== Segment start ==
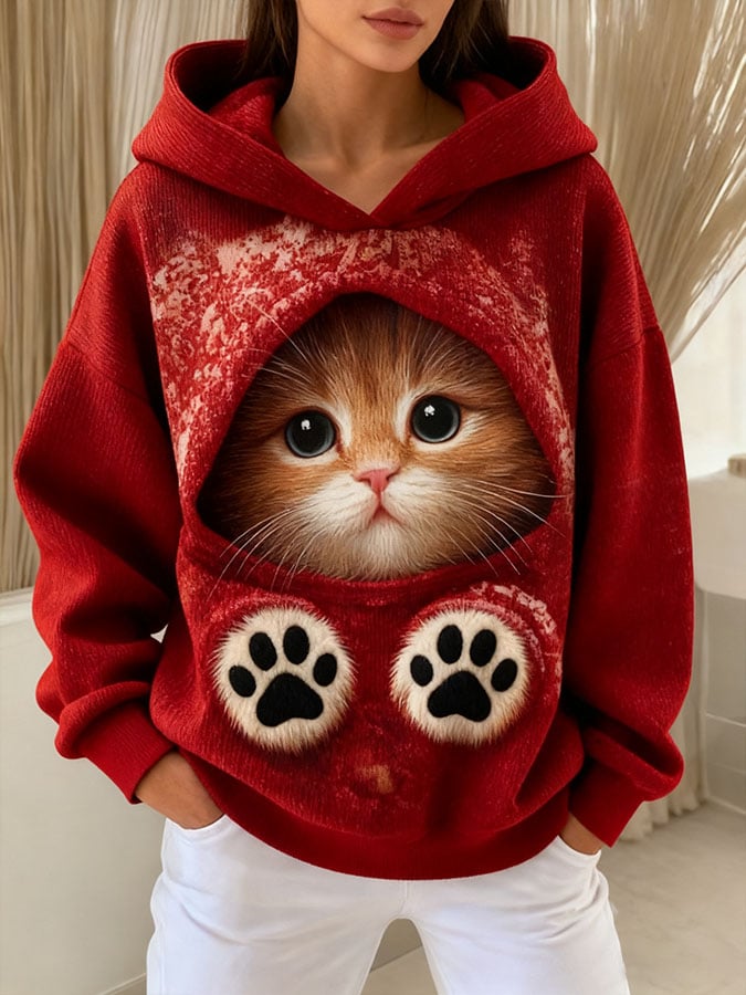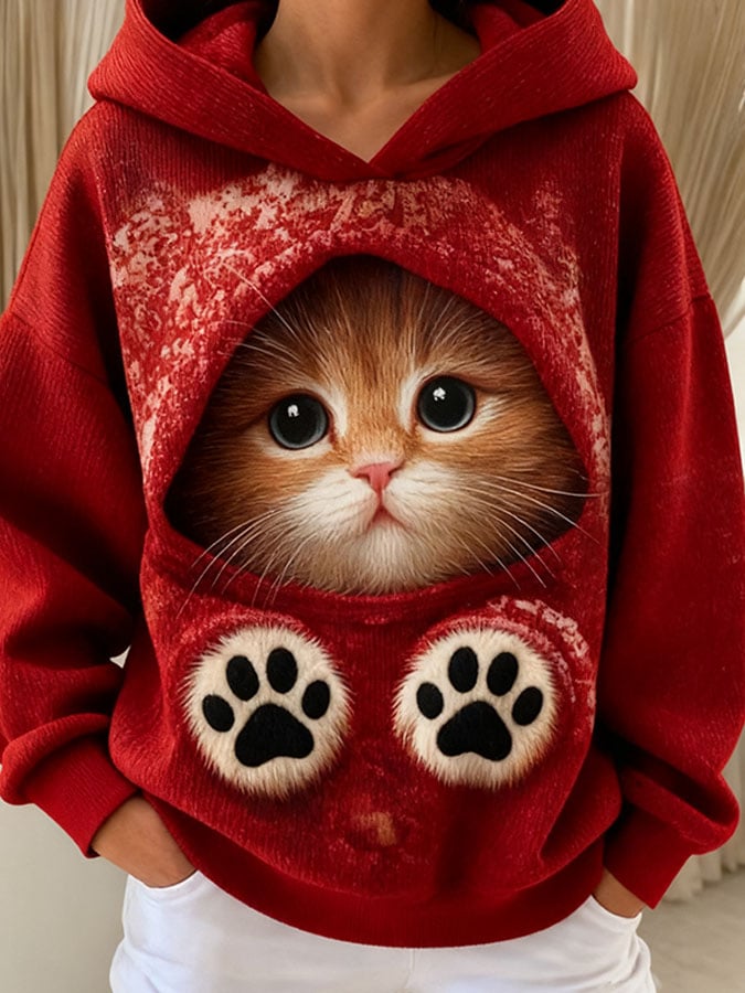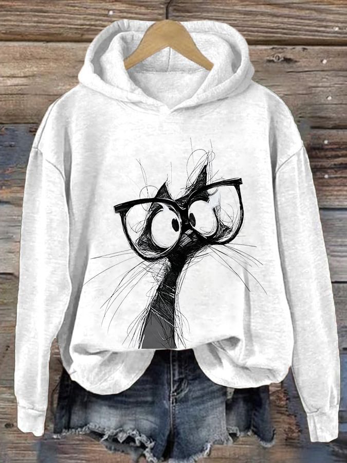 Women's Artistic Hand-Painted Animal Cat Print Hoodie
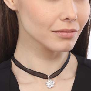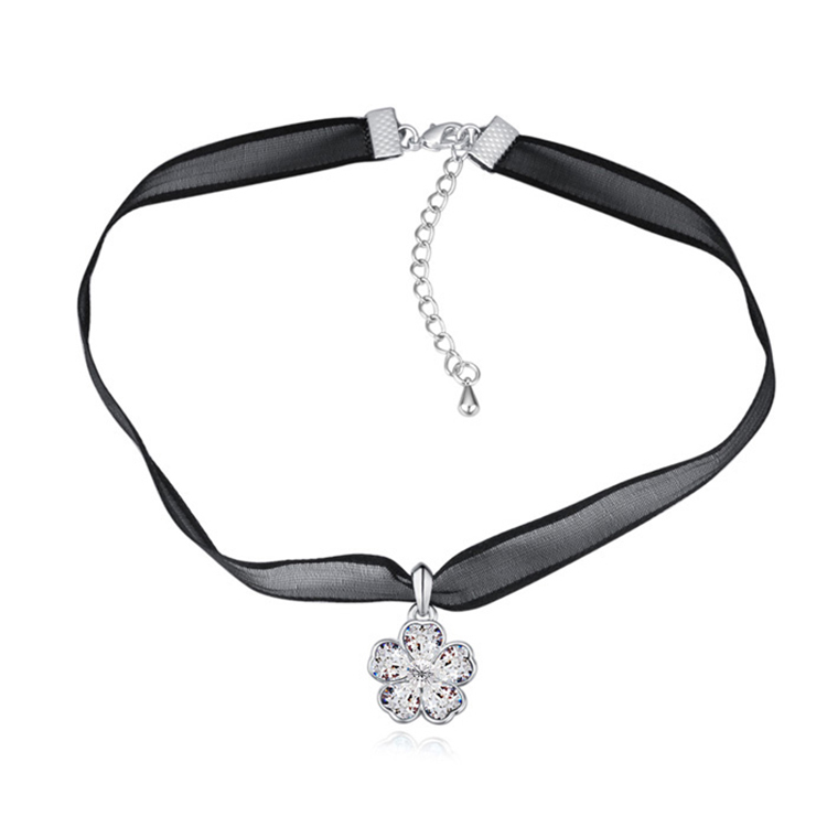 Gargantilla de listón negro con dije en baño de oro blanco de 18 quilates, hermoso diseño de flor con incrustración de cristales en color blanco. Fabricado en una estructura de aleación de platino con rodio sin níquel.
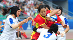 [OSEN=광저우 지형준 기자] 아시안게임에 첫 출전하는 여자 럭비 대표팀이 21일 오후 중국 광저우 유니버시티 타운 메인 스타디움에서 열린 중국과 예선 경기서 51대0으로 패배했다. 전반 한국 정하니가 중국 선수를 태클하고 있다.&nbs
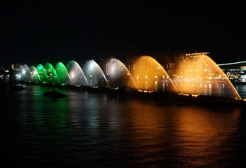 琵琶湖のシンボルとして親しまれる「びわこ花噴水」は、大津港の沖合から勢いよく水が舞い上がるダイナミックな噴水です。
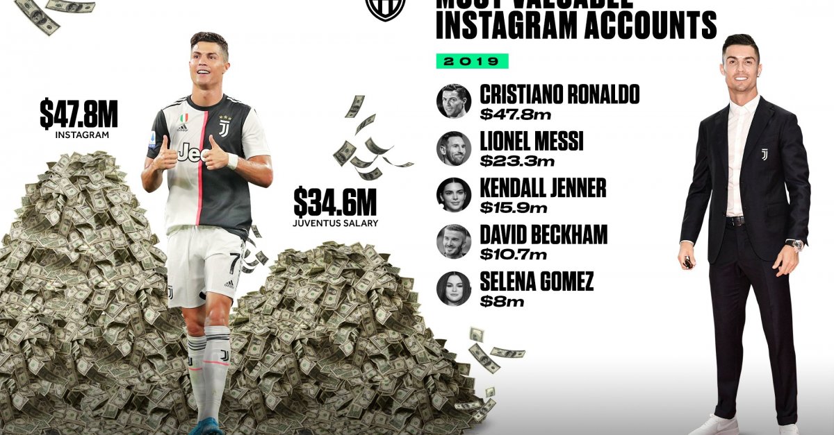 Theo thống kê của Bleacher Report Football cho thấy, Ronaldo hiện đang là người nổi tiếng kiếm tiền nhiều nhất trên Instagram. Cầu thủ khoác áo CLB Juventus thu về đến 47,8 triệu USD từ nền tảng mạng xã hội này.
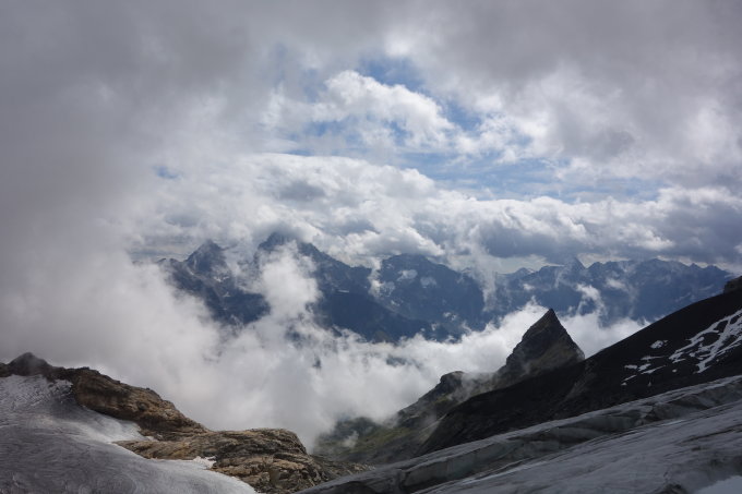 Start um 5:30 von der Windgällenhütte, am Gletscher um 7:00, am Bergschrund um ca. 8:00. Im steilen Teil im Aufstieg zum Bergschrund liegt wadentiefer, nasser Schnee, es hat aber jetzt eine Spur. Der Bergschrund kann dank des Neuschnees relativ einfach überwunden werden, allerdings erreicht man so den Einstieg zu der kurzen III - IV Kletterei, die nur über 2 schlechte Schlaghaken verfügt. Am Ende hat es einen einfach Stand. Der Einstieg zur Fixseilvariante hat momentan einen sehr weiten Abstand am Bergschrund, keine Spuren gesehen, aber evtl. gehts ??.
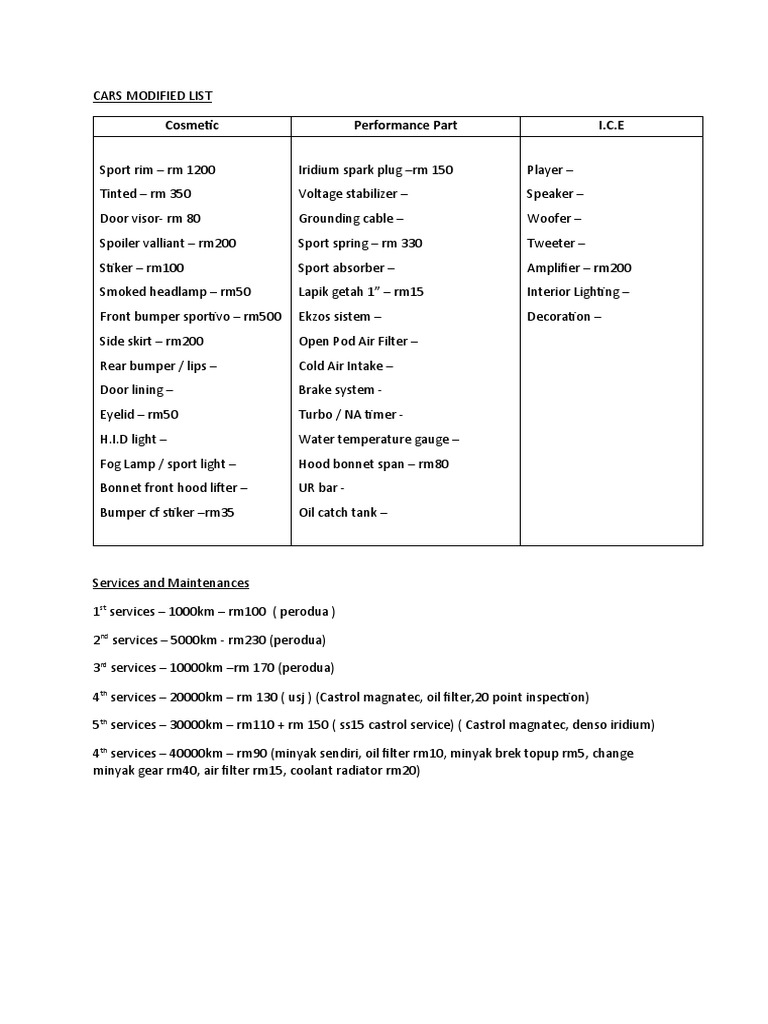 Car Modification and Service List | PDF
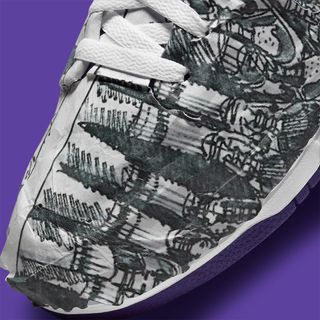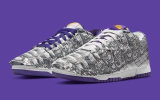 Like the just-previewed Air Force 1 Low “Keep ’em Fresh”, this Dunk will arrive in a protective tissue wrap. This time, along with the graphic insoles, honors the original college colors campaign from the Dunk’s day dot. Beneath, we find two mismatched colorways, each inverted from the other. They appear to channel 1999’s CO.JP “City Attack” Pack, a two-piece High release that served purple and white options with popping yellow-gold at the tongue. Instead of the Highs, we see a Low, with each respective shoe honoring the classic release. Different from the 1999 pack, the “Reverse” colorway gets the full inverted treatment, including flipped Swooshes and mirrored tongue and rear branding. Construction on the pairs is different, too, with migration away from staple smooth leather in favor of a soft tumbled leather build and overlays of ostrich-textured leather.
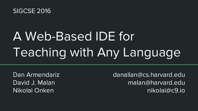 Tour of its features 2. Assignments a. Adapting and writing assignments b. Limitations and technical considerations 3. Developing customizations with plugin API a. Architecture overview b. API, documentation, plugin examples c. Develop your first C9 plugin!
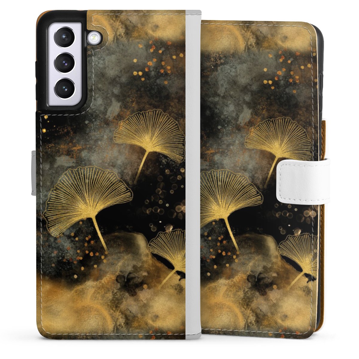For our Sideflip Case we are using our advanced direct printing technology. The back and frontside are fully printabale, the inside of the phone bag is left unprinted. You can order the phone case without print, printed completely or also with a partial print.
== Segment end ==
▶ _TASK TO CARRY OUT_:
Set down the records above exactly as written, beginning with the first line and ending with the line that contains "Gargantilla de listón", and do not include pictures.

▶ _RESULT FOR THIS TASK_:
 Women's Artistic Hand-Painted Animal Cat Print Hoodie
 Gargantilla de listón negro con dije en baño de oro blanco de 18 quilates, hermoso diseño de flor con incrustración de cristales en color blanco. Fabricado en una estructura de aleación de platino con rodio sin níquel.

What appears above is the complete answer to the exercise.